── Data ──

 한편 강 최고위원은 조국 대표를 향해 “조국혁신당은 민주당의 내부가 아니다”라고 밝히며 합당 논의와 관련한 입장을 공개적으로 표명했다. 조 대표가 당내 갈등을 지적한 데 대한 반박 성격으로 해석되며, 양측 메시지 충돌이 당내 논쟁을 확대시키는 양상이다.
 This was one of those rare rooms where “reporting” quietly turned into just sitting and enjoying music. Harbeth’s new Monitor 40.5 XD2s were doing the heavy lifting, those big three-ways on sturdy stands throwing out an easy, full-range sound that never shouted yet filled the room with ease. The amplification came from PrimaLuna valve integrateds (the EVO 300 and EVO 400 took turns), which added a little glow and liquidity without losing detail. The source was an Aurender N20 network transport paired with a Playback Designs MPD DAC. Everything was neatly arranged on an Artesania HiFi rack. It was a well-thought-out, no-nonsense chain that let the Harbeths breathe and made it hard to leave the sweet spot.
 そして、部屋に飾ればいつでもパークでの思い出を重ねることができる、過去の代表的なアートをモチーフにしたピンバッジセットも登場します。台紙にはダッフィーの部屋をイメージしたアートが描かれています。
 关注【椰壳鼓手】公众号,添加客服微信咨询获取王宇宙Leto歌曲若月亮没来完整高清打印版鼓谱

───
── Data ──

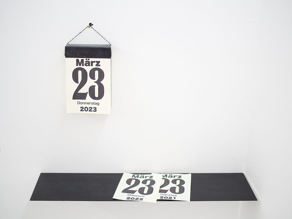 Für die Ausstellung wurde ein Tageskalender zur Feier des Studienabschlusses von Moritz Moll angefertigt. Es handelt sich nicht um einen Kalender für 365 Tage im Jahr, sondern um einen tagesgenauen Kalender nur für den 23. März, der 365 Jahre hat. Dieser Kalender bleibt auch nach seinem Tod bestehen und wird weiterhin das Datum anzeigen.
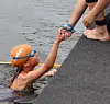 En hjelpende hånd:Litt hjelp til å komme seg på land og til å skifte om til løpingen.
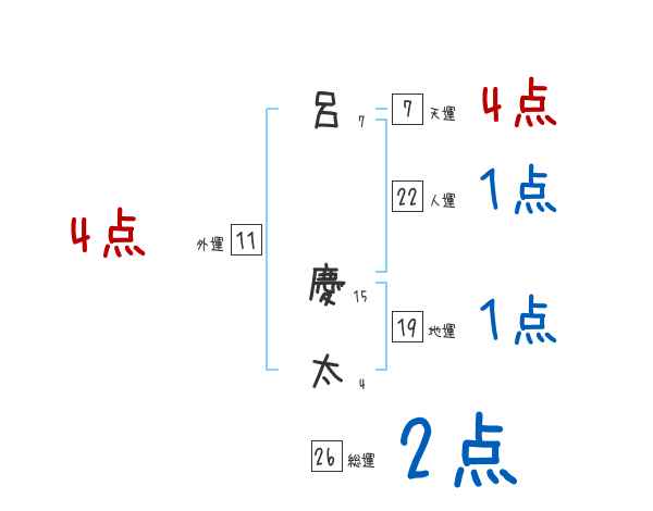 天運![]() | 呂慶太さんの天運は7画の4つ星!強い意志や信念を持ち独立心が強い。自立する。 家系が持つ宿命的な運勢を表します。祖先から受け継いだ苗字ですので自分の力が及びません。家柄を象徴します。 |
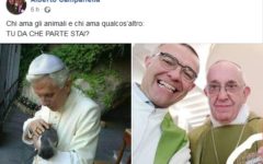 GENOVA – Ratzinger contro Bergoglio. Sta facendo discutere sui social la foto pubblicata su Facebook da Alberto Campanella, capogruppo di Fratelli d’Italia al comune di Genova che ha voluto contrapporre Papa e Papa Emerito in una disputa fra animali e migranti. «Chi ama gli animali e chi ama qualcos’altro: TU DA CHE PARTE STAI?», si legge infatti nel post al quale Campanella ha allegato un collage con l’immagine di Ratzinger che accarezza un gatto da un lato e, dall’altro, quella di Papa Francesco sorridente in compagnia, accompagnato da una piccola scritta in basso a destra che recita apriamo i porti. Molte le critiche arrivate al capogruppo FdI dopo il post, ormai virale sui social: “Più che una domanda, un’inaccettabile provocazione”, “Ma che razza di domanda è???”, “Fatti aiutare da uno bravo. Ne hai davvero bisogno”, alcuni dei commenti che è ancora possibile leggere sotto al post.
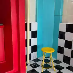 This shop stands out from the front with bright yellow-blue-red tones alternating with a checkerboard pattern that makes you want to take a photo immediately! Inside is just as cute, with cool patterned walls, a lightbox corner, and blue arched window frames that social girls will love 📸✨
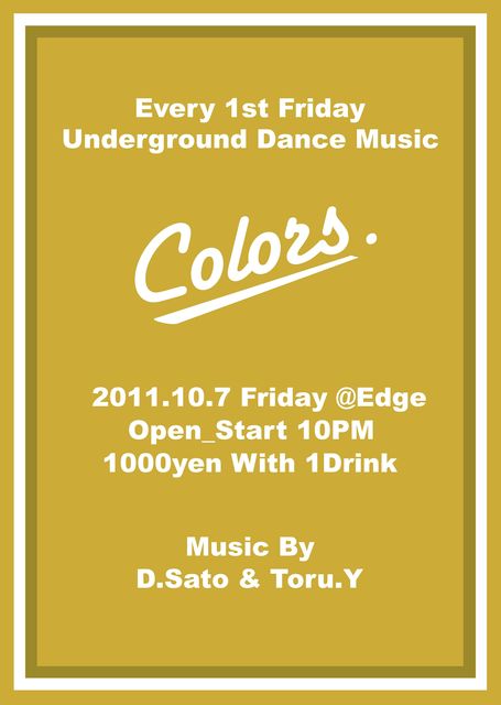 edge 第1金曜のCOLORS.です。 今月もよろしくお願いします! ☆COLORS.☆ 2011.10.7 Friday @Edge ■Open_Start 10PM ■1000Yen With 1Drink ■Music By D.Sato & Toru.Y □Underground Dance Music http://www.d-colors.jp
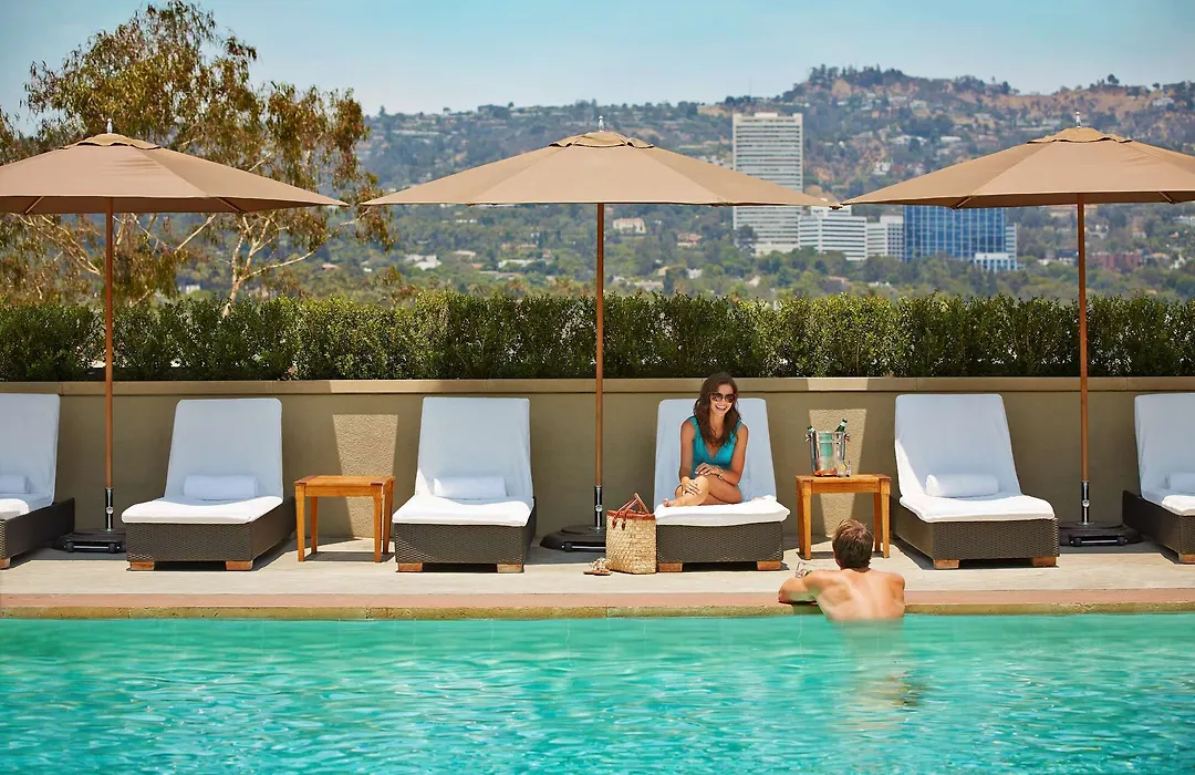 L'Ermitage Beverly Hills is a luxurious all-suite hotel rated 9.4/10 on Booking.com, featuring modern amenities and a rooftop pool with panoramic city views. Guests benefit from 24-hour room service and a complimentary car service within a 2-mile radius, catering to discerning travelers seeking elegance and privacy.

───

#### [What is being asked]
Quote the data above from the line containing "そして、部屋に飾ればいつでも" to the line containing "关注【椰壳鼓手】公众号,添加", inclusive, and stop.

#### [Solution to this task]
 そして、部屋に飾ればいつでもパークでの思い出を重ねることができる、過去の代表的なアートをモチーフにしたピンバッジセットも登場します。台紙にはダッフィーの部屋をイメージしたアートが描かれています。
 关注【椰壳鼓手】公众号,添加客服微信咨询获取王宇宙Leto歌曲若月亮没来完整高清打印版鼓谱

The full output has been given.